--- Supplied data ---
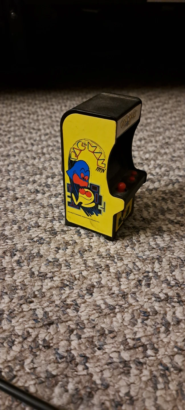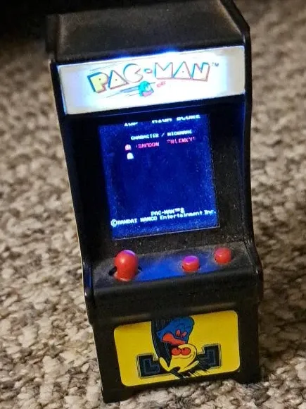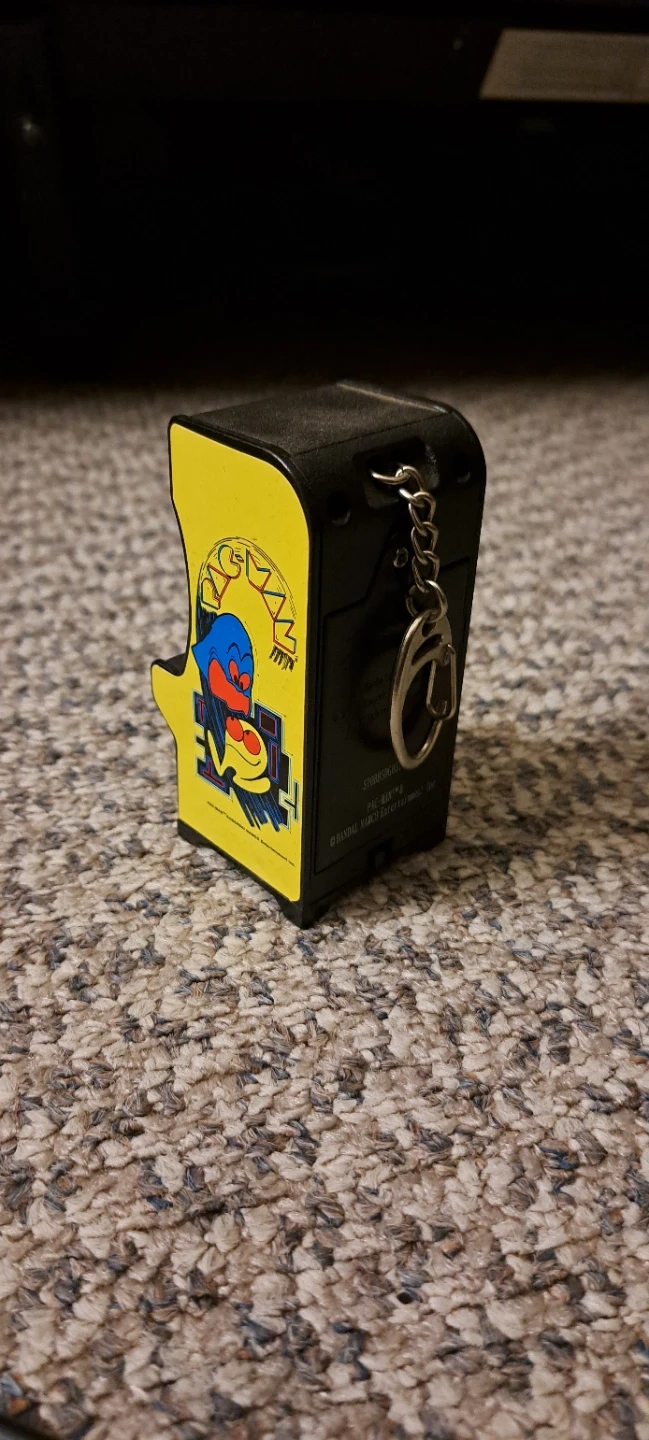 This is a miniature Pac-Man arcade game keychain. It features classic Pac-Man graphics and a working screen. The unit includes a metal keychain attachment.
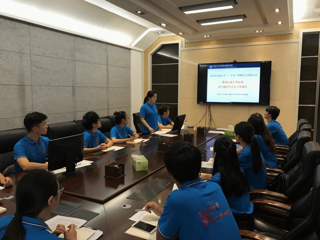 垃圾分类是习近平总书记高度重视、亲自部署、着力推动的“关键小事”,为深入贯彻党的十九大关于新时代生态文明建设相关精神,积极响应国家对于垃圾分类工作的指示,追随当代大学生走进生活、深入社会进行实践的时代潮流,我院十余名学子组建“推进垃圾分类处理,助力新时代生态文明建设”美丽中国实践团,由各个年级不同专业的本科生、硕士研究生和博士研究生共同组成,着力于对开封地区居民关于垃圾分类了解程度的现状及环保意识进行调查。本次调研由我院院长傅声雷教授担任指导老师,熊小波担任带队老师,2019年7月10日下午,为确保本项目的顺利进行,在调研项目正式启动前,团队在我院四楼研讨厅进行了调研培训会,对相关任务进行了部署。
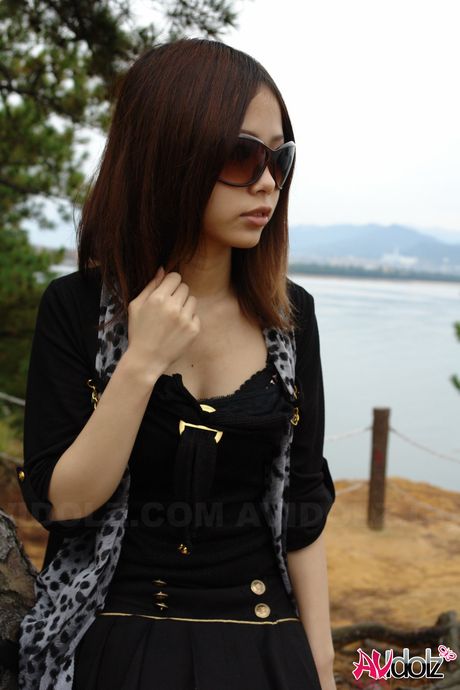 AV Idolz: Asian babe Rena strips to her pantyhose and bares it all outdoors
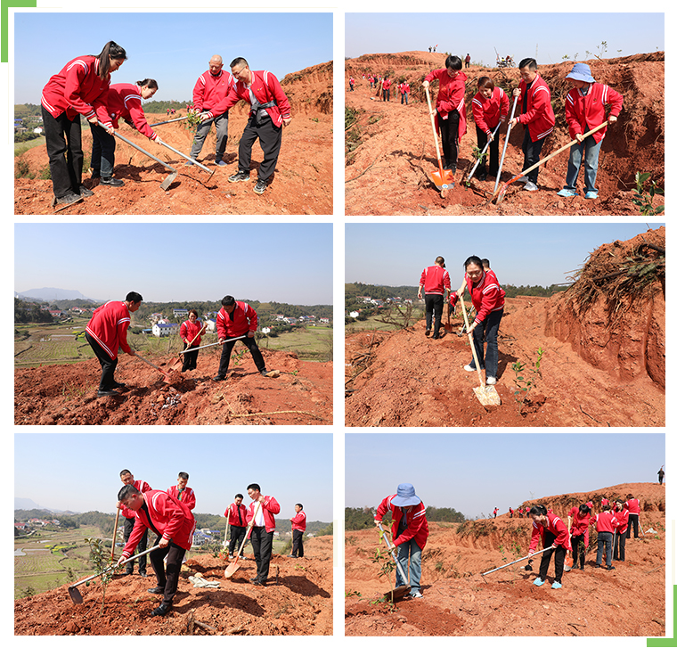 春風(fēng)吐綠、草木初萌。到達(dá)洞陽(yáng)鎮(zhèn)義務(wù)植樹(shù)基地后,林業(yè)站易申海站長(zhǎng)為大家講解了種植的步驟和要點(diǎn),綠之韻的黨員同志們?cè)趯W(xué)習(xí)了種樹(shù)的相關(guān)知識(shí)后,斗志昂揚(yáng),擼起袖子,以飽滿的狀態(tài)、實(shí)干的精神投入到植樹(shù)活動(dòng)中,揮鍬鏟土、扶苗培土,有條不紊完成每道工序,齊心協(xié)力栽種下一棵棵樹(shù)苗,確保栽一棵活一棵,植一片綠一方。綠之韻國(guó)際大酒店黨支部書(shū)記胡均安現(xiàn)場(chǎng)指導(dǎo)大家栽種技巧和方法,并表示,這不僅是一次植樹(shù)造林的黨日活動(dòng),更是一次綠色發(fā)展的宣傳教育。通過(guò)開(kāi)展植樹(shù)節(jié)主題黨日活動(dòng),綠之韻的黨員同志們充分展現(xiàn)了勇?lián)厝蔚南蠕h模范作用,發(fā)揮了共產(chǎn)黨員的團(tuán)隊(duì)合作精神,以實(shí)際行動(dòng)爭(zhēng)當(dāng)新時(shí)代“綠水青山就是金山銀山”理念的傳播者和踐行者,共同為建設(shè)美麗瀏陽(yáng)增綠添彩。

--- Activity ---
Return the lines above exactly; the images are not part of the copy.

--- Your solution ---
 This is a miniature Pac-Man arcade game keychain. It features classic Pac-Man graphics and a working screen. The unit includes a metal keychain attachment.
 垃圾分类是习近平总书记高度重视、亲自部署、着力推动的“关键小事”,为深入贯彻党的十九大关于新时代生态文明建设相关精神,积极响应国家对于垃圾分类工作的指示,追随当代大学生走进生活、深入社会进行实践的时代潮流,我院十余名学子组建“推进垃圾分类处理,助力新时代生态文明建设”美丽中国实践团,由各个年级不同专业的本科生、硕士研究生和博士研究生共同组成,着力于对开封地区居民关于垃圾分类了解程度的现状及环保意识进行调查。本次调研由我院院长傅声雷教授担任指导老师,熊小波担任带队老师,2019年7月10日下午,为确保本项目的顺利进行,在调研项目正式启动前,团队在我院四楼研讨厅进行了调研培训会,对相关任务进行了部署。
 AV Idolz: Asian babe Rena strips to her pantyhose and bares it all outdoors
 春風(fēng)吐綠、草木初萌。到達(dá)洞陽(yáng)鎮(zhèn)義務(wù)植樹(shù)基地后,林業(yè)站易申海站長(zhǎng)為大家講解了種植的步驟和要點(diǎn),綠之韻的黨員同志們?cè)趯W(xué)習(xí)了種樹(shù)的相關(guān)知識(shí)后,斗志昂揚(yáng),擼起袖子,以飽滿的狀態(tài)、實(shí)干的精神投入到植樹(shù)活動(dòng)中,揮鍬鏟土、扶苗培土,有條不紊完成每道工序,齊心協(xié)力栽種下一棵棵樹(shù)苗,確保栽一棵活一棵,植一片綠一方。綠之韻國(guó)際大酒店黨支部書(shū)記胡均安現(xiàn)場(chǎng)指導(dǎo)大家栽種技巧和方法,并表示,這不僅是一次植樹(shù)造林的黨日活動(dòng),更是一次綠色發(fā)展的宣傳教育。通過(guò)開(kāi)展植樹(shù)節(jié)主題黨日活動(dòng),綠之韻的黨員同志們充分展現(xiàn)了勇?lián)厝蔚南蠕h模范作用,發(fā)揮了共產(chǎn)黨員的團(tuán)隊(duì)合作精神,以實(shí)際行動(dòng)爭(zhēng)當(dāng)新時(shí)代“綠水青山就是金山銀山”理念的傳播者和踐行者,共同為建設(shè)美麗瀏陽(yáng)增綠添彩。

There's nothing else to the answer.